Women in STEM
Over the past 10 years, women in the fields of science, technology, engineering, and math have been underrepresented in jobs and undergraduate degrees. Women who graduate with STEM degrees are also less likely than their male counterparts to work in STEM positions, according to an issue brief from the Department of Commerce.
The brief, compiled by the department's Economics and Statistics Administration, does not explain reasons for the gender differences, but rather paints a picture of the STEM workforce. ESA examined 50 occupation codes divided into four categories: computer and math, engineering and surveying, physical and life sciences, and STEM managerial occupations.
According to the brief, there is a significant disparity in the number of men and women who graduate with STEM degrees.

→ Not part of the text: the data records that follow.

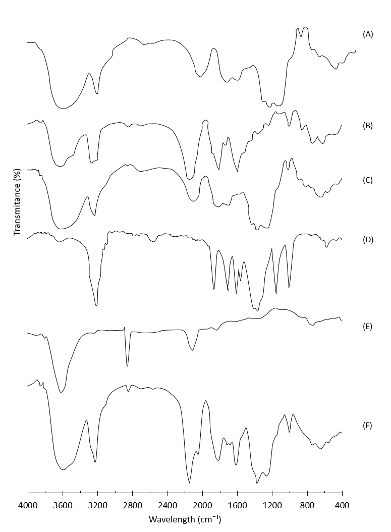 Fig. 2: FTIR images (A) pure VRZ compound; (B) PVP K-30 polymer; (C) HPMC E5 polymer; (D) PXM 188 polymer; € Nanosuspensions-free VRZ; and (F) NS-VRZ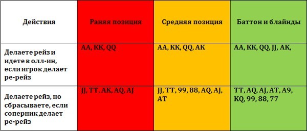 Игра на префлопе по такой стратегии сводится к принятию решений с учетом стартовых рук и позиции. Главная цель игрока – нарастить банк на флопе, играя агрессивно в партиях, когда карманные карты позволяют это сделать.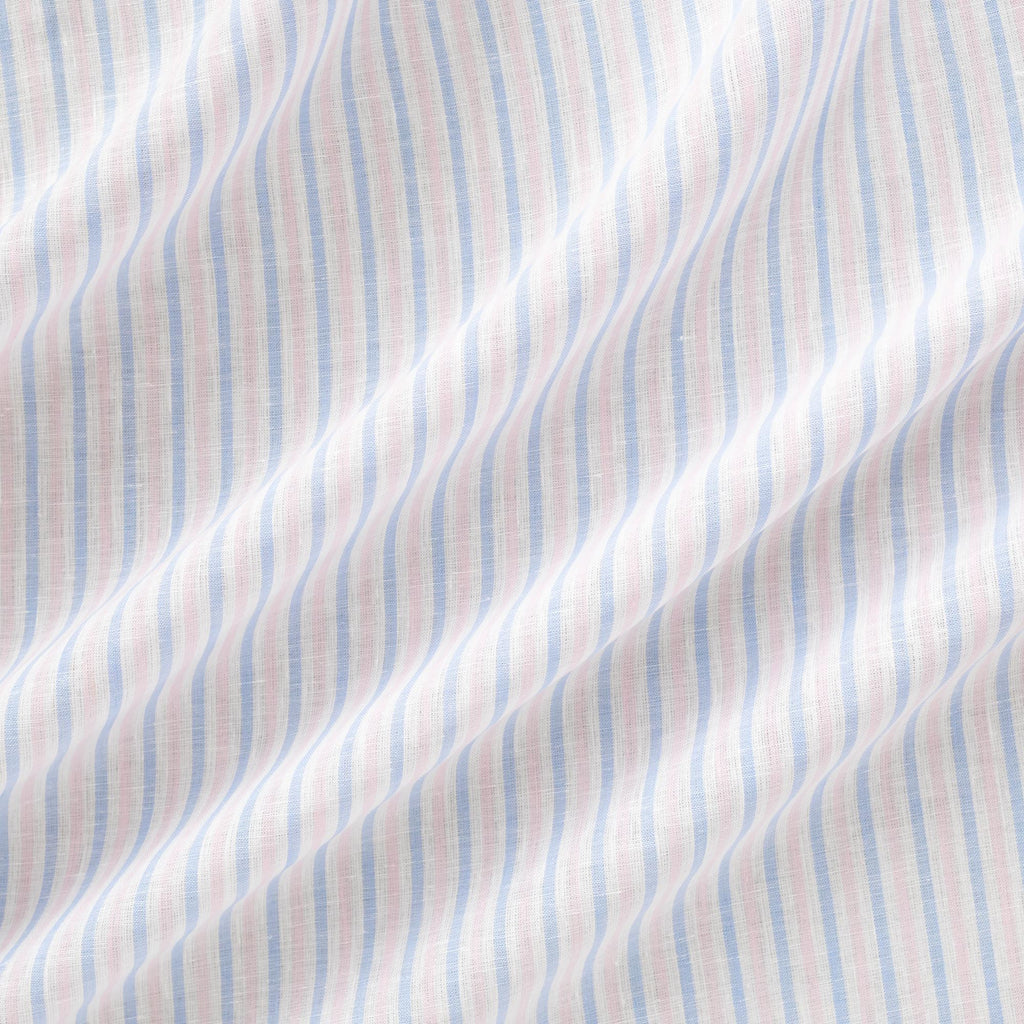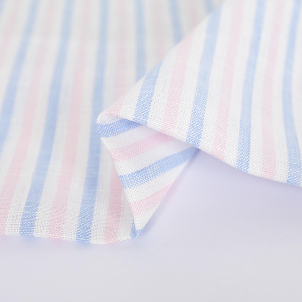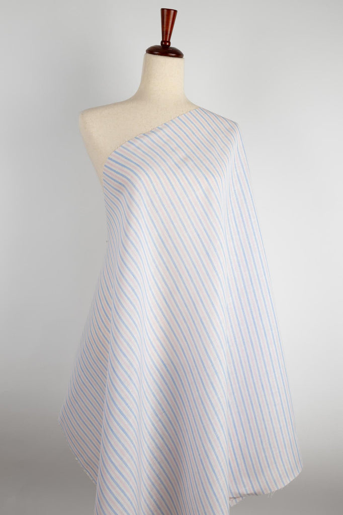 Lightweight but not sheer, it's ideal for easy summer tailoring: think relaxed button-ups, crisp shorts, wide-leg capris, or a warm-weather blazer. The shade "Bluebell" has yarn-dyed stripes in sky blue, black, and white.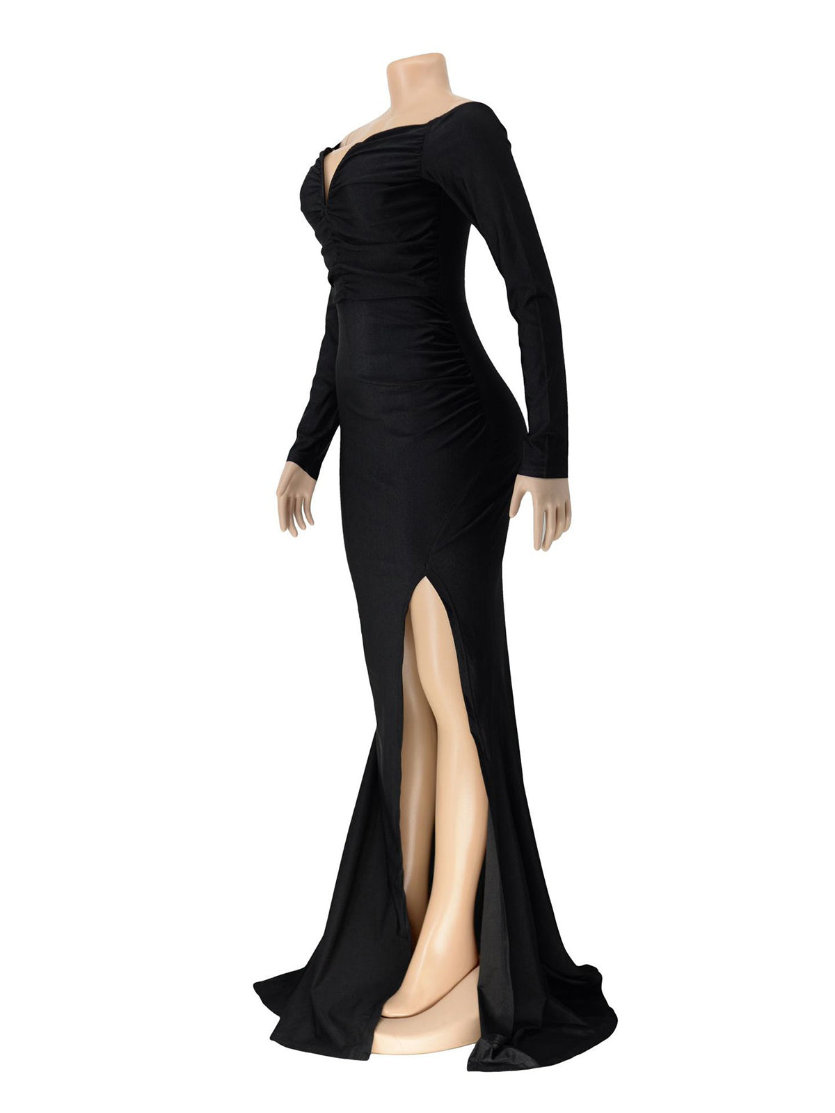 Exceptional value meets sophisticated style with this stunning backless evening dress. Featuring a daring off-the-shoulder neckline and elegant side slit, this piece delivers red-carpet glamour at an unbeatable price point. The open back design creates a bold, sensual silhouette perfect for special occasions, cocktail events, or memorable nights out. Crafted to flatter and impress without breaking the bank, this dress proves luxury doesn't require a luxury price tag.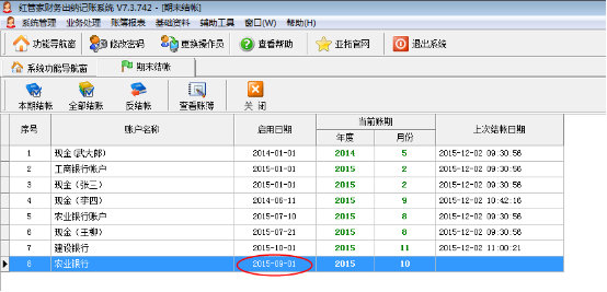 一、期末結(jié)賬功能描述 紅管家財務(wù)出納記賬系統(tǒng)包括期末結(jié)賬的功能,當(dāng)本期(即本月)的業(yè)務(wù)已審核處理完畢,就可以進(jìn)行期末結(jié)賬處理。結(jié)賬后自動進(jìn)入下一個賬期(月份),12月份結(jié)賬后將進(jìn)入下一個年度。結(jié)賬后如果發(fā)現(xiàn)單據(jù)錯誤或賬簿數(shù)據(jù)有誤,可以進(jìn)行反結(jié)賬處理。 點擊主窗口菜單“業(yè)務(wù)處理”——》“期末結(jié)帳”系統(tǒng)進(jìn)入“期末結(jié)帳”窗口,如圖1

In 2009, there were 2.5 million working women with STEM degrees compared with 6.7 million men. The fact that there is almost an equal number of men and women with bachelor's degrees in the workforce "makes this disparity even more alarming," the brief says.

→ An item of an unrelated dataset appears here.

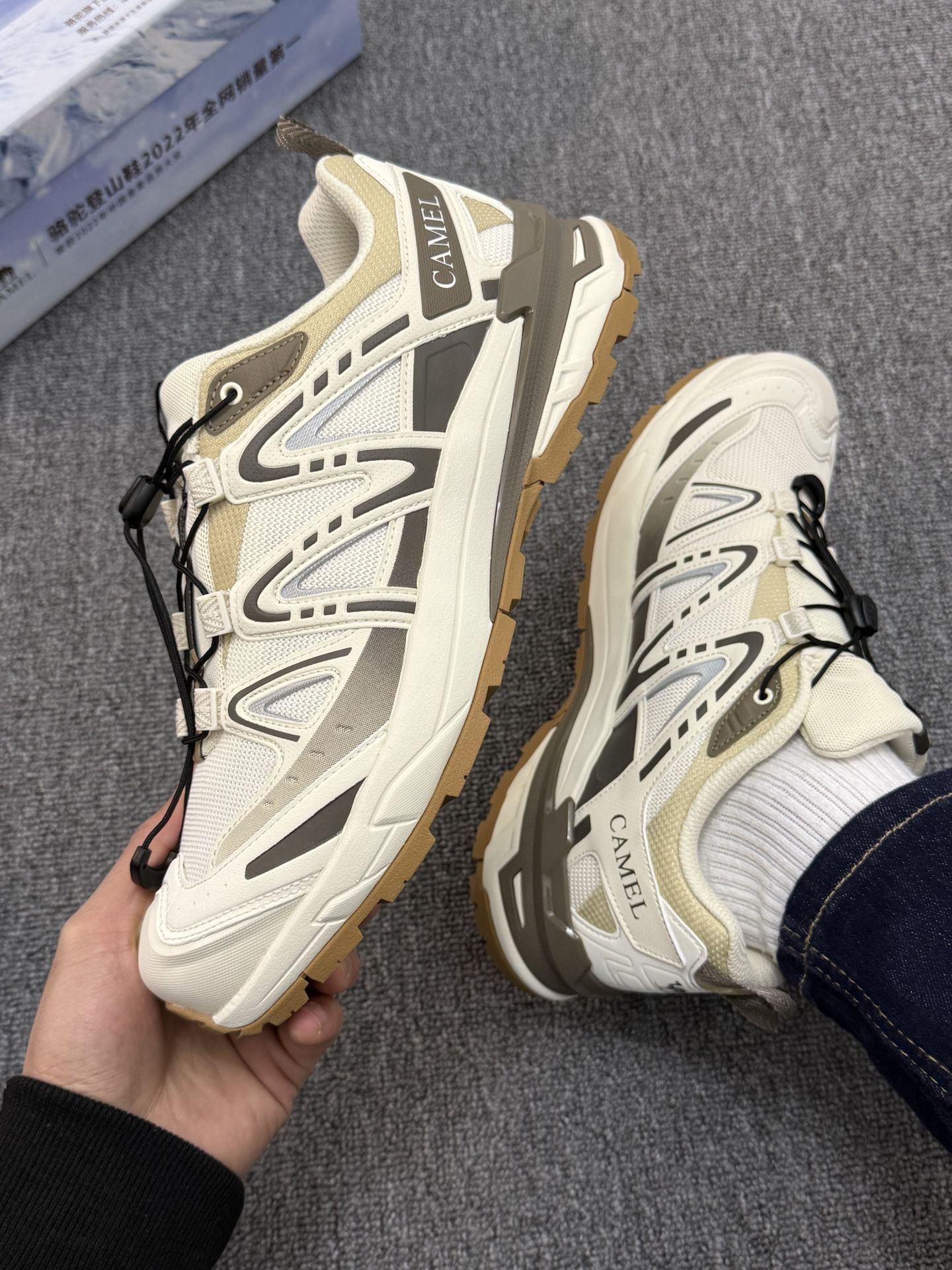 谁懂啊!骆驼户外登山鞋直接焊在脚上! 实物比图片高级太多,米白底色拼接卡其灰,山系氛围感直接拉满,2026年穿它绝对不撞款! 最惊喜的是脚感,透气网面春夏季穿完全不闷脚;鞋底软弹有支撑,防滑耐磨,通勤逛街暴走2万步脚都不疼,还能悄悄修饰腿型。 不管是搭牛仔裤、工装裤还是运动裤都适配,男女同款,情侣穿同框超吸睛,学生党、打工人闭眼冲都不亏!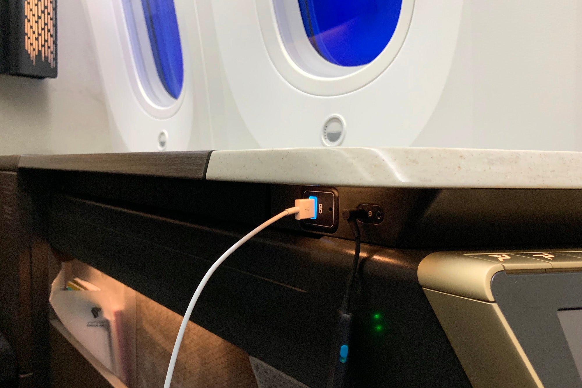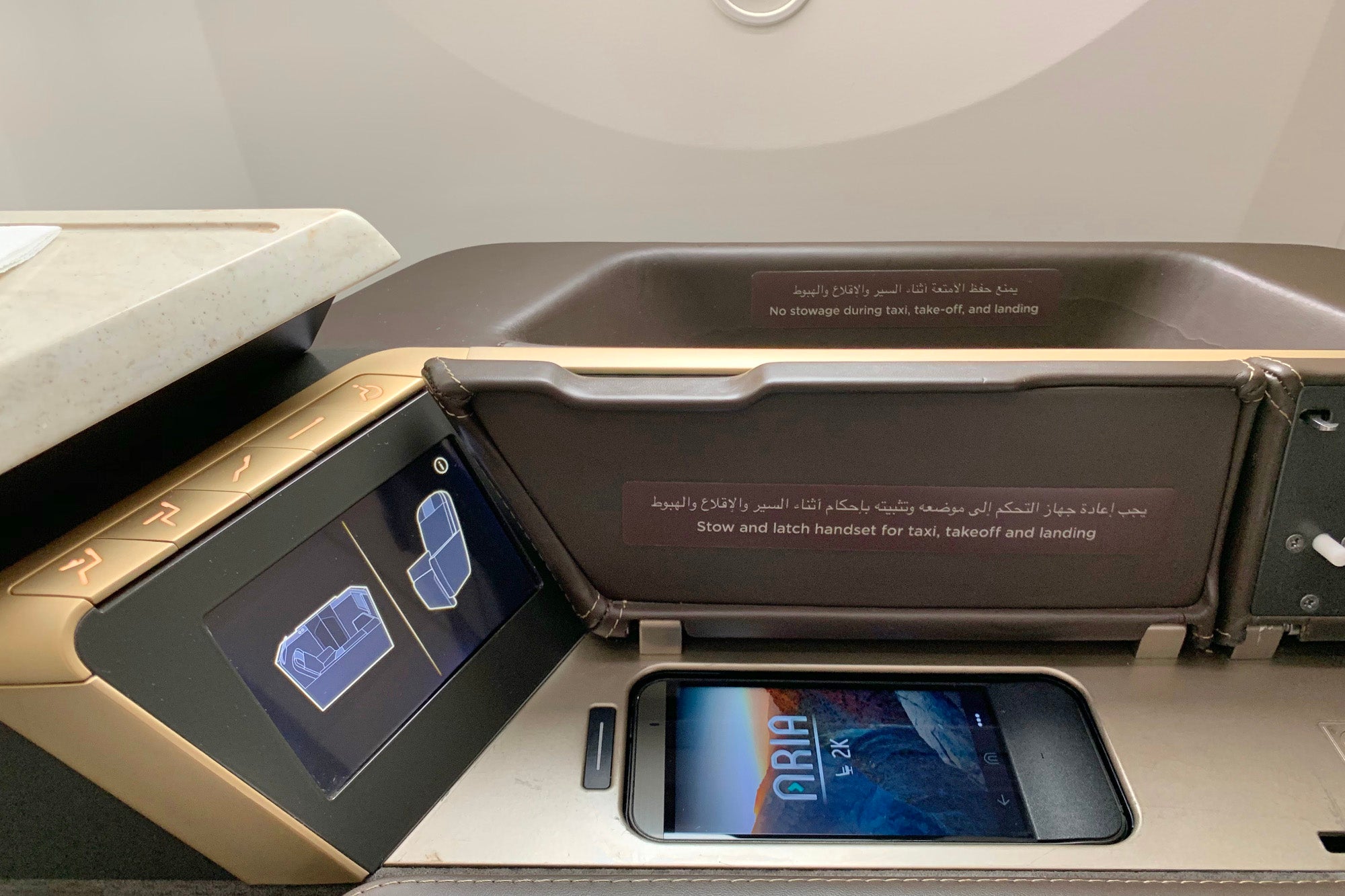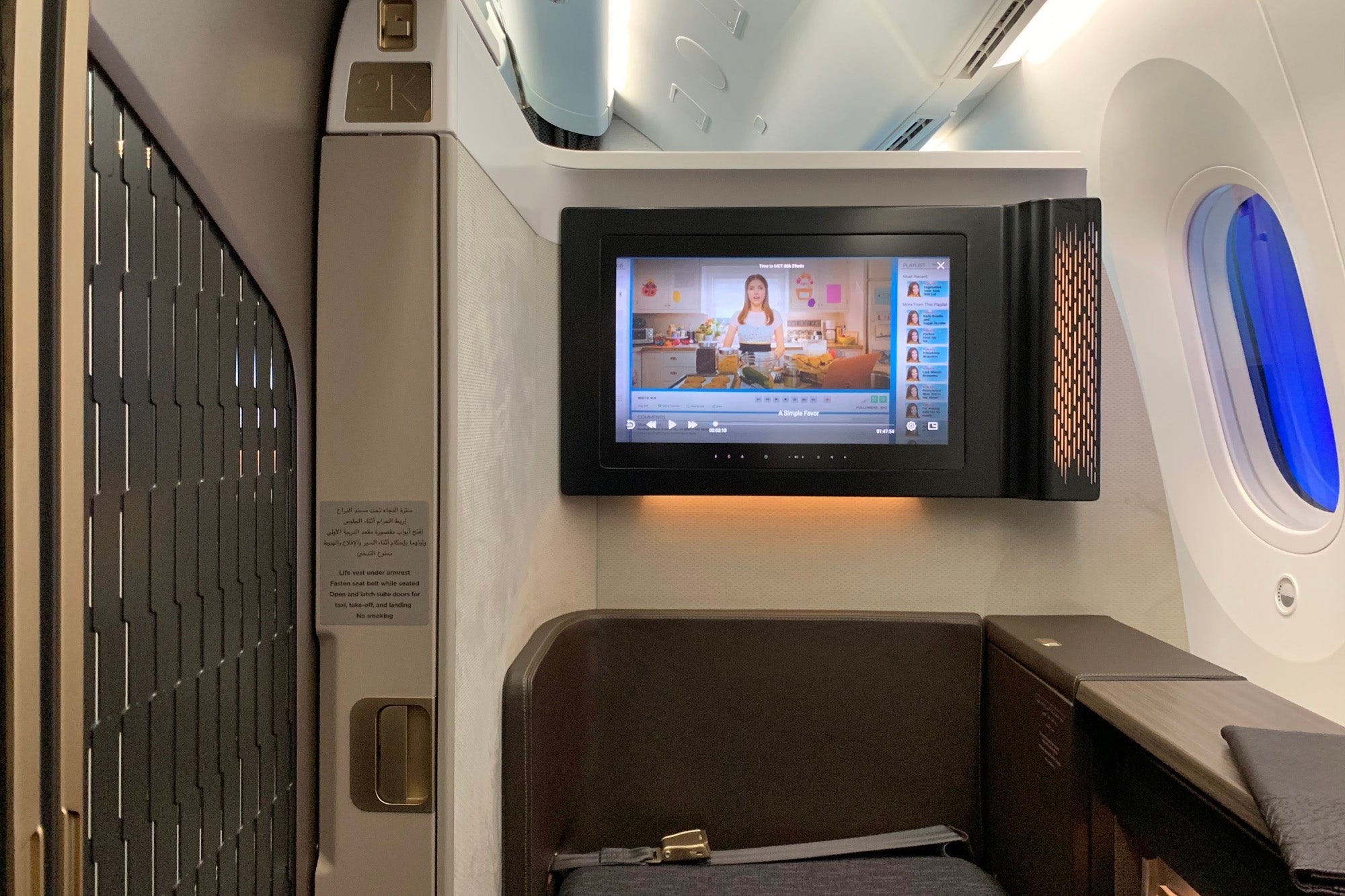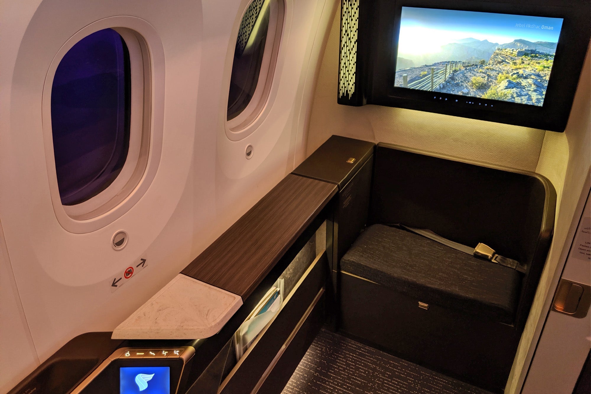 It was clear that Oman Air put a lot of thought into the suite design. The fixtures on my flight were intricately detailed, and the various features were easy to access — the headphone jack and USB charging port were exactly where I would have wanted them to be, but also hidden a bit out of sight.

When comparing the types of STEM degrees selected by men and women, the brief shows that nearly half of men chose engineering while 57% of women selected physical and life sciences. There is much less of a difference in math degrees (6% men and 10% women) and computer degrees (15% men and 14% women).
In the work world, about 40% of men with STEM college degrees (2.7 million) work in STEM jobs, while only 26% of women with STEM degrees end up in STEM jobs.
Female representation in STEM fields from 2000 to 2009 was unchanged at 24%, but their representation varied within specific fields. In engineering, the percentage of women increased to 14% from 13%, and over the course of nine years, the number of women engineers increased by 12,000, while the number of men engineers decreased by 106,000. Women also showed slight gains in physical and life sciences and as STEM managers.
ESA's issue brief revealed that STEM workers earned more than non-STEM workers, and women STEM workers earned 33% more than women who work in non-STEM jobs in the private sector. Women in STEM jobs earned considerably less than men, however, even when factors such as education and age were considered.